=== WHAT THE EXERCISE ASKS ===
With the pictures left out, please write out exactly each line from the one containing "[24袋]昭和産業 おいしく焼ける魔法のお好み焼粉 400g" through the end of the material.

--- DATA BELOW Enclosed Below ---

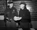 Motorcycle officers D. A. Bridges, left, and his partner C. H. Redmond, display the money taken from the Tivoli Theater Sunday night and the 32 automatic used in the holdup. The two officers arrested two men with the gun and money 30 minutes after the theater box office was robbed.
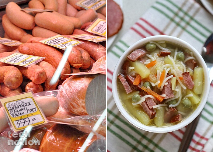 Чтобы приготовить дешевое блюдо, студенты чистили полкило картошки, нарезали морковь и лук, запасались сосисками и двумя плавлеными сырками. Сначала в ход шла картошка. Когда вода закипала, к ней отправляли лук, морковь и нарезанные кружочками сосиски. В конце в суп попадал плавленый сыр.
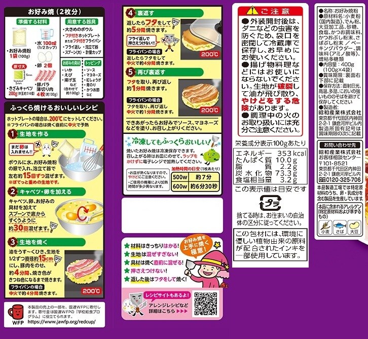 [24袋]昭和産業 おいしく焼ける魔法のお好み焼粉 400g | 3つの魔法のわけで、おいしいお好み焼きが失敗なく作れます。
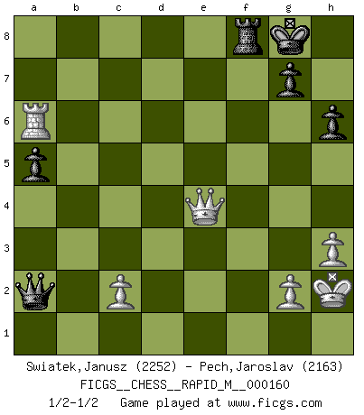 Last move : 1/2-1/2 2025 January 7 20:56:51 [Event "FICGS__CHESS__RAPID_M__000160"] [Site "FICGS"] [Date "2024.09.08"] [Round "1"] [White "Swiatek,Janusz"] [Black "Pech,Jaroslav"] [Result "1/2-1/2"] [WhiteElo "2252"] [BlackElo "2163"] 1.e4 e5 2.Nf3 Nc6 3.Bb5 Nf6 4.O-O Nxe4 5.Re1 Nd6 6.Nxe5 Be7 7.Bf1 Nxe5 8.Rxe5 O-O 9.d4 Bf6 10.Re1 Re8 11.Bf4 Rxe1 12.Qxe1 Ne8 13.Nc3 Bxd4 14.Nd5 d6 15.Bg5 f6 16.Bh4 Bxb2 17.Rb1 Be5 18.f4 c6 19.fxe5 cxd5 20.exf6 Nxf6 21.Bd3 Bd7 22.h3 b5 23.Bxb5 Bxb5 24.Rxb5 Qd7 25.Qb4 a6 26.Ra5 Qe6 27.Bxf6 Qxf6 28.Rxd5 Qa1+ 29.Kh2 Qxa2 30.Qe4 Rf8 31.Rxd6 a5 32.Rd7 h6 33.Ra7 Rf7 34.Ra6 Rf8 1/2-1/2 Follow this game move after move (download)Chess is played with the mind and not with the hands ! (Renaud and Kahn) Das Schachspiel ist ein See, in welchem eine Mücke baden und ein Elefant ertrinken kann. (Emanuel Lasker) Solo los afeminados hacen el Enroque. (Rob Sillars) Il n'y a pas eu de défaite parce que je ne crois pas que cet ordinateur ait jamais existé. IBM a triché en refusant d'imprimer les modes de recherche de la machine. C'est évident, pendant le match, des coups décisifs ont été joués par des êtres humains. Aujourd'hui, les meilleurs spécialistes en informatique ne peuvent toujours pas expliquer comment Deep-Blue a pu jouer contre la logique des ordinateurs. IBM a gagné une guerre de communication, mais ils sont incapables de prouver que l'ordinateur a gagné tout seul. (Garry Kasparov) The Movers & Shakers of this world are those who play chess in the mornings and go to the disco in the evenings. (Dinesh De Silva)

--- End of Enclosed DATA BELOW ---

=== TASK ANSWER ===
 [24袋]昭和産業 おいしく焼ける魔法のお好み焼粉 400g | 3つの魔法のわけで、おいしいお好み焼きが失敗なく作れます。
 Last move : 1/2-1/2 2025 January 7 20:56:51 [Event "FICGS__CHESS__RAPID_M__000160"] [Site "FICGS"] [Date "2024.09.08"] [Round "1"] [White "Swiatek,Janusz"] [Black "Pech,Jaroslav"] [Result "1/2-1/2"] [WhiteElo "2252"] [BlackElo "2163"] 1.e4 e5 2.Nf3 Nc6 3.Bb5 Nf6 4.O-O Nxe4 5.Re1 Nd6 6.Nxe5 Be7 7.Bf1 Nxe5 8.Rxe5 O-O 9.d4 Bf6 10.Re1 Re8 11.Bf4 Rxe1 12.Qxe1 Ne8 13.Nc3 Bxd4 14.Nd5 d6 15.Bg5 f6 16.Bh4 Bxb2 17.Rb1 Be5 18.f4 c6 19.fxe5 cxd5 20.exf6 Nxf6 21.Bd3 Bd7 22.h3 b5 23.Bxb5 Bxb5 24.Rxb5 Qd7 25.Qb4 a6 26.Ra5 Qe6 27.Bxf6 Qxf6 28.Rxd5 Qa1+ 29.Kh2 Qxa2 30.Qe4 Rf8 31.Rxd6 a5 32.Rd7 h6 33.Ra7 Rf7 34.Ra6 Rf8 1/2-1/2 Follow this game move after move (download)Chess is played with the mind and not with the hands ! (Renaud and Kahn) Das Schachspiel ist ein See, in welchem eine Mücke baden und ein Elefant ertrinken kann. (Emanuel Lasker) Solo los afeminados hacen el Enroque. (Rob Sillars) Il n'y a pas eu de défaite parce que je ne crois pas que cet ordinateur ait jamais existé. IBM a triché en refusant d'imprimer les modes de recherche de la machine. C'est évident, pendant le match, des coups décisifs ont été joués par des êtres humains. Aujourd'hui, les meilleurs spécialistes en informatique ne peuvent toujours pas expliquer comment Deep-Blue a pu jouer contre la logique des ordinateurs. IBM a gagné une guerre de communication, mais ils sont incapables de prouver que l'ordinateur a gagné tout seul. (Garry Kasparov) The Movers & Shakers of this world are those who play chess in the mornings and go to the disco in the evenings. (Dinesh De Silva)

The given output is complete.